- [Task instructions]
Exact copy, no pictures: output each line below as it stands.
===== Entries provided =====
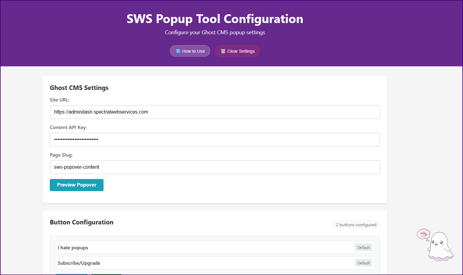 - The buttons are configured in the popup tool. Nothing I did with a Ghost page was going to give this style of buttons, and I wanted to be able to tweak how they behaved for different users.
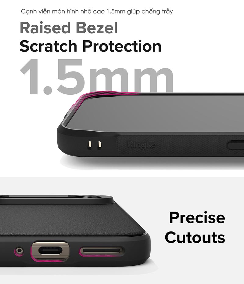 - Thiết kế cạnh viền màn hình nhô cao 1.5 mm giúp chống trầy
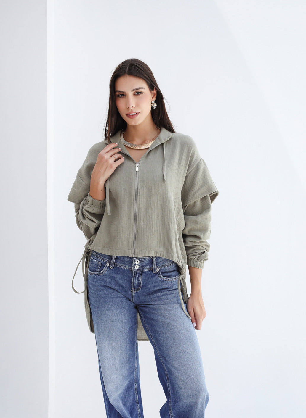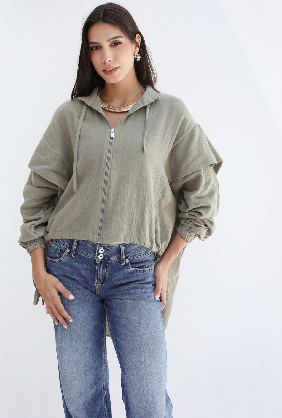 High-low Zipper Shirt - Olive
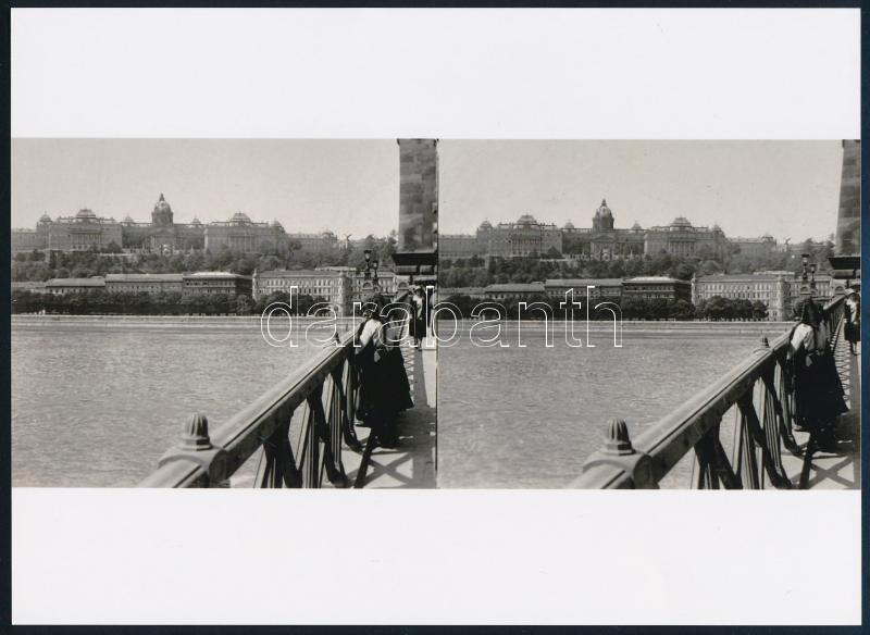Leírás: cca 1905 Budapest, sztereo felvétel a Lánchídról fényképezve a királyi palotát és a budai Duna partot, 1 db modern nagyítás jelzés nélkül, 15x21 cm
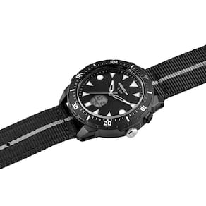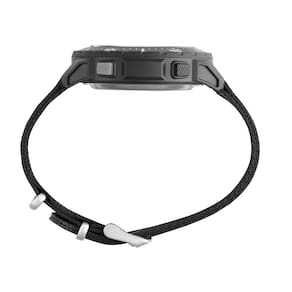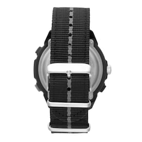 Características: com caixa em Policarbonato Preta e pulseira em tecido preto/cinza
=====
- [Your solution]
 - The buttons are configured in the popup tool. Nothing I did with a Ghost page was going to give this style of buttons, and I wanted to be able to tweak how they behaved for different users.
 - Thiết kế cạnh viền màn hình nhô cao 1.5 mm giúp chống trầy
 High-low Zipper Shirt - Olive
Leírás: cca 1905 Budapest, sztereo felvétel a Lánchídról fényképezve a királyi palotát és a budai Duna partot, 1 db modern nagyítás jelzés nélkül, 15x21 cm
 Características: com caixa em Policarbonato Preta e pulseira em tecido preto/cinza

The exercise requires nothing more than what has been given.